Dendrobatids are, among many reasons, amazing because they get their toxins from what they eat (which in the wild, is particular species of ants, beetles, millipedes, and mites). Phyllobates terribilis is the most toxic vertebrate in the world. In one 5cm long adult frog, it has the capacity to kill 20,000 mice or 100 humans. But these toxins are all diet based, so P. terribilis in captivity are completely harmless. This is because the staple of dendrobatid diets in captivity are fruit flies. You have to culture fruit flies on a regular basis (which is often regarded as the most difficult part of PDF keeping). Most breeders, though, mix it up and culture other insects and arthropods such as dwarf woodlice, pinhead crickets, and springtails.


Dendrobatid species range in difficulty much the same way that fish differ. Some are as easy as Oscars and others are as temperamental as Discus. Generally, the larger species make better beginner frogs. Some of the best beginner frogs include Dendrobates leucomelas, Dendrobates auratus, and Dendrobates tinctorius. Intermediate frogs generally are considered to be many of the thumbnails due to their size, although the best ones to start off with those are Ranitomeya imitator, Ranitomeya ventrimaculatus, and Ranitomeya lamasi. The advanced frogs are generally considered to be the obligate egg feeders like Oophaga pumilio.

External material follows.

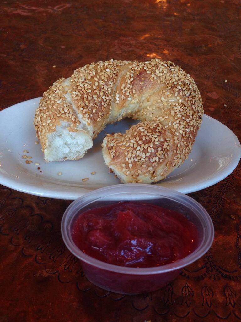 Spoon sweets can be bought in Sofra’s fridge, you can order a simit with spoon sweets, or indulge in my favorite semolina pancakes served with spoon sweets. The sweets change with the season. Rhubarb is my favorite so get in and enjoy while it lasts.

 Ranitomeya imitator - Considered an Intermediate Frog (roughly 20mm long)

Oophaga pumilio - Considered an Advanced Frog (roughly 24mm long)


As one would guess, there are a variety of levels of ease in breeding dendrobatids. Some breed like rabbits (many of the beginners, for example), whereas others, it's considered good to get a dozen offspring over the course of a year (like the obligate egg feeders). This largely has to do with the ability to rear eggs artificially or having to let the frogs rear the young. For instance, currently for my D. leucomelas, I have a batch of 6 eggs, 20+ tadpoles, and 8 froglets from a trio of adults.

So this is an introduction to the world of Poison Dart Frogs. They have fascinated me to the point that I've devoted my Masters (and likely PhD) to studying them. I covered a bunch of the basics to PDFs, but I haven't even scratched the surface in regards to their world. Look for more articles about dendrobatids in the future!